WHAT IS NEEDED:
Below are entries. Copy exactly the lines running from the line that holds "Fabric: Schiffli Embroidered" to the line that holds "Granite and Paper", with both ends included.

DATASET:
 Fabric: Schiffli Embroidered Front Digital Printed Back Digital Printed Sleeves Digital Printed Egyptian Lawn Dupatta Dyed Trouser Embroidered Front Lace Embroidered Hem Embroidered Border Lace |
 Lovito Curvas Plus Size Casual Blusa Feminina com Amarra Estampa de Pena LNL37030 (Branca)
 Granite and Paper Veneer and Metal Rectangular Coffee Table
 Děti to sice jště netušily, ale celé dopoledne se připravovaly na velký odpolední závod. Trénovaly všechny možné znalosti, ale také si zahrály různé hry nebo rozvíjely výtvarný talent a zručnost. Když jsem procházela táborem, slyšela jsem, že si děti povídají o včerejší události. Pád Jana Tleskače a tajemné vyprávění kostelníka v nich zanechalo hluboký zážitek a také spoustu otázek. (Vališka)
---
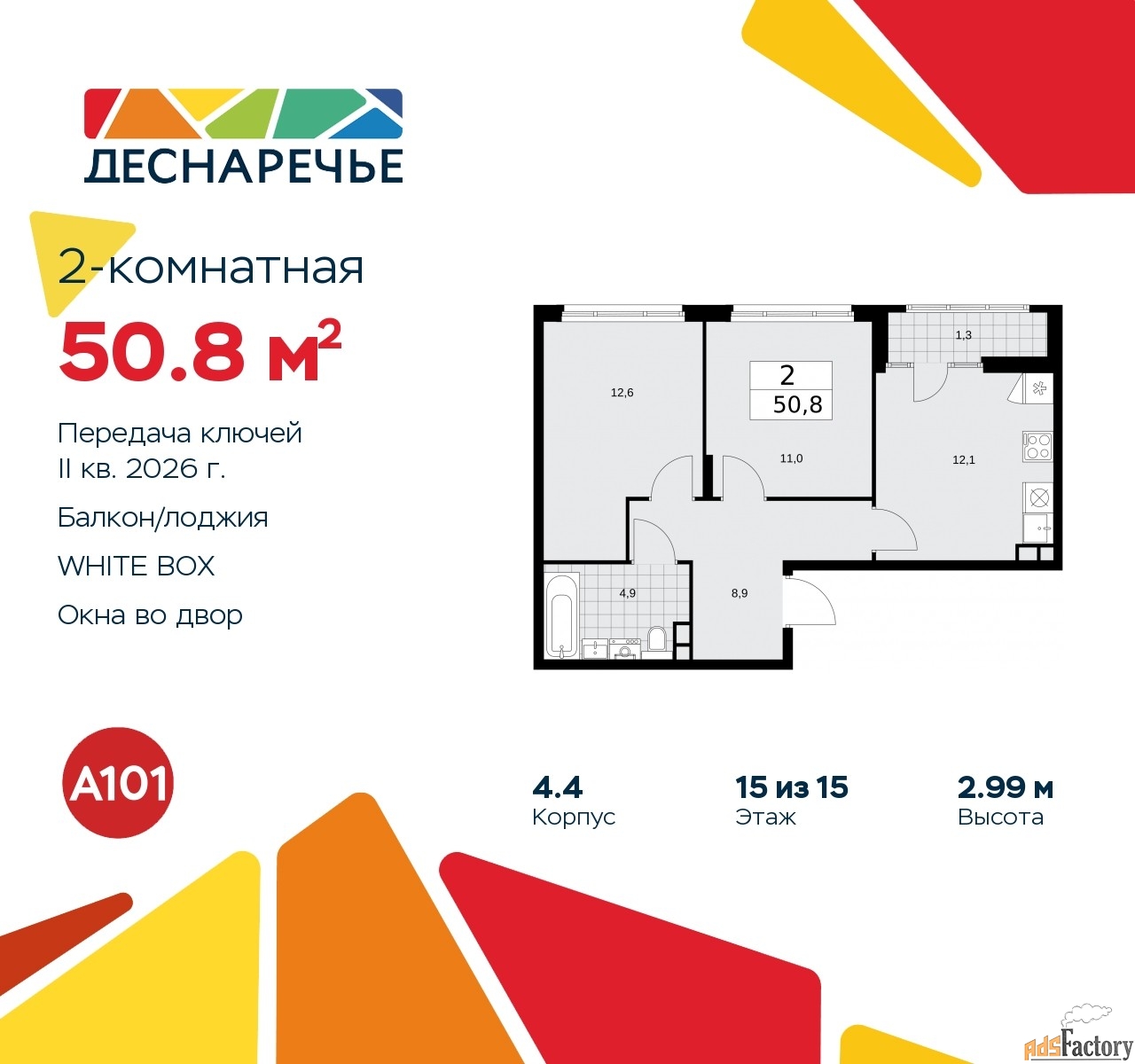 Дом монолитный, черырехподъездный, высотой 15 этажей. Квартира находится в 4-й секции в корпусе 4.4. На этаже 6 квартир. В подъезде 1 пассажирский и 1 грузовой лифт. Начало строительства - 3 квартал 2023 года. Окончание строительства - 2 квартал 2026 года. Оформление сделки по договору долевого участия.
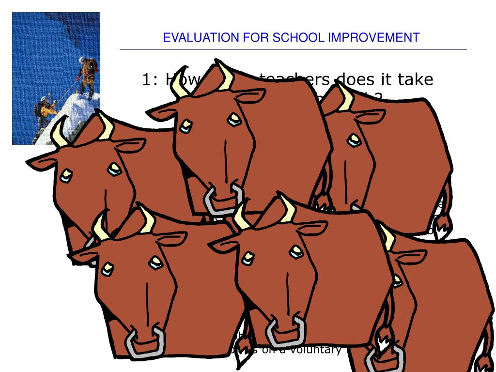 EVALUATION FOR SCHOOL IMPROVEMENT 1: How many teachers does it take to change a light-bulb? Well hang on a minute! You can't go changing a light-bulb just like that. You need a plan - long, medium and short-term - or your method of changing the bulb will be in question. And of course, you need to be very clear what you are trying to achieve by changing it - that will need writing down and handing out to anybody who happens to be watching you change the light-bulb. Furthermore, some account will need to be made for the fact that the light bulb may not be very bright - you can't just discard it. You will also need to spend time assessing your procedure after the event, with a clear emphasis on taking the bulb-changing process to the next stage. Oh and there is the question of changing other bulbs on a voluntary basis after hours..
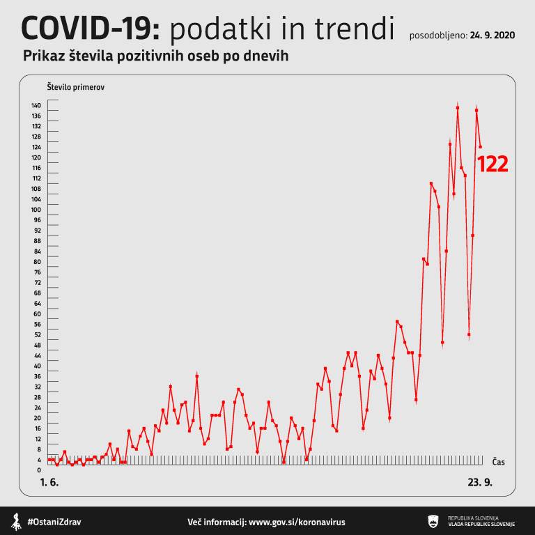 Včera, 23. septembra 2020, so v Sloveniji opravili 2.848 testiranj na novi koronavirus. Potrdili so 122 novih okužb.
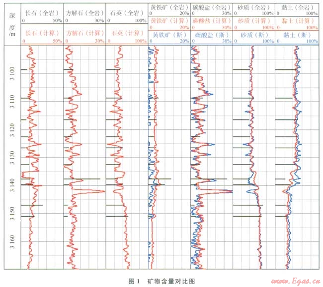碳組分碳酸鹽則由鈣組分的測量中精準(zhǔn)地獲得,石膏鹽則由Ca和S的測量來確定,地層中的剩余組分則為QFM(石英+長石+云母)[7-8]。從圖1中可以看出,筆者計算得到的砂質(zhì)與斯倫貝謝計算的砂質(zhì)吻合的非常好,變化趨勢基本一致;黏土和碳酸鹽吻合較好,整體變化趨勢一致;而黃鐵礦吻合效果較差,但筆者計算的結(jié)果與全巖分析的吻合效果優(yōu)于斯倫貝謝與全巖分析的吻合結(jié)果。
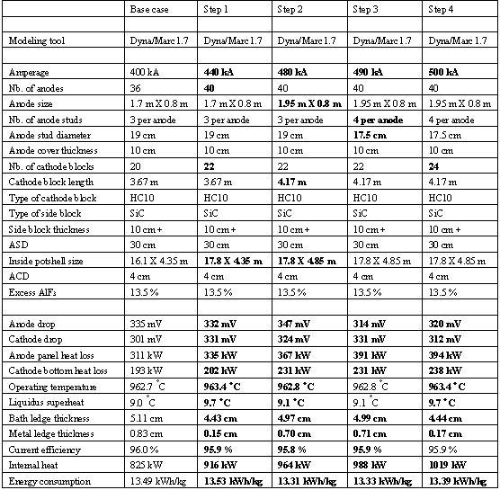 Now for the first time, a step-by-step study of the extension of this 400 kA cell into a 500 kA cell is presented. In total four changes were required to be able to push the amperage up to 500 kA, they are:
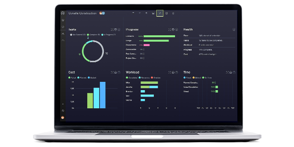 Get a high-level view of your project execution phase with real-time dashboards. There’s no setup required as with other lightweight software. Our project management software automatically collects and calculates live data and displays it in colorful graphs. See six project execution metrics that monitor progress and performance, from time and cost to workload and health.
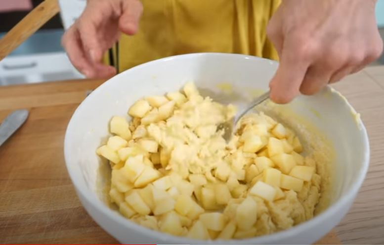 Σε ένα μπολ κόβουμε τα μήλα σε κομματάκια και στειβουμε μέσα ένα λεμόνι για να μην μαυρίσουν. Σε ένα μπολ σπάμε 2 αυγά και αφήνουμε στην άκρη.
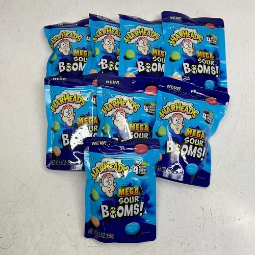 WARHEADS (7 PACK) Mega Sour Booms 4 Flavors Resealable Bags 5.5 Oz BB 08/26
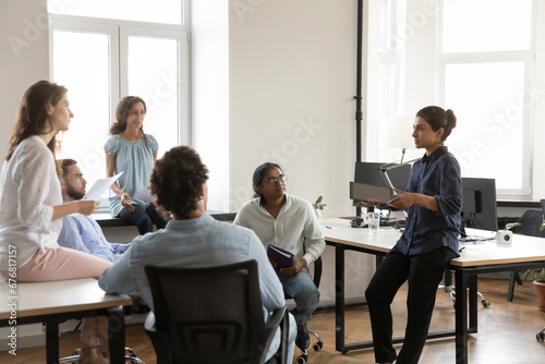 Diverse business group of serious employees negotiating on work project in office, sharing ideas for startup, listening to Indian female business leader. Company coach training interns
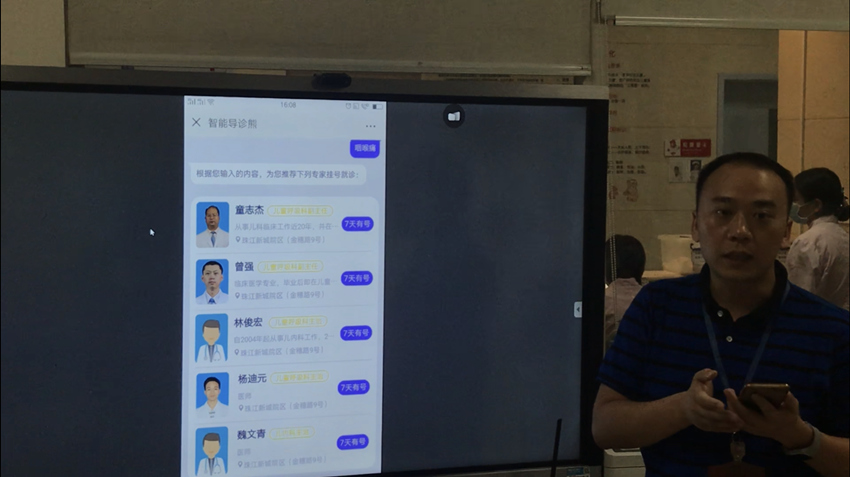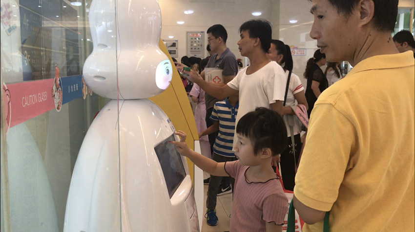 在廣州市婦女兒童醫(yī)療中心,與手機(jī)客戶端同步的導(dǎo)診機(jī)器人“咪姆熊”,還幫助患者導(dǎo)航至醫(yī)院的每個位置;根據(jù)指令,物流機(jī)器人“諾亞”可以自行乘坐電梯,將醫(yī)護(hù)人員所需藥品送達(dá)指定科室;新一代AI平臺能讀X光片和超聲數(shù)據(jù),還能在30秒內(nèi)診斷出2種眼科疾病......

SOLUTION:
 Fabric: Schiffli Embroidered Front Digital Printed Back Digital Printed Sleeves Digital Printed Egyptian Lawn Dupatta Dyed Trouser Embroidered Front Lace Embroidered Hem Embroidered Border Lace |
 Lovito Curvas Plus Size Casual Blusa Feminina com Amarra Estampa de Pena LNL37030 (Branca)
 Granite and Paper Veneer and Metal Rectangular Coffee Table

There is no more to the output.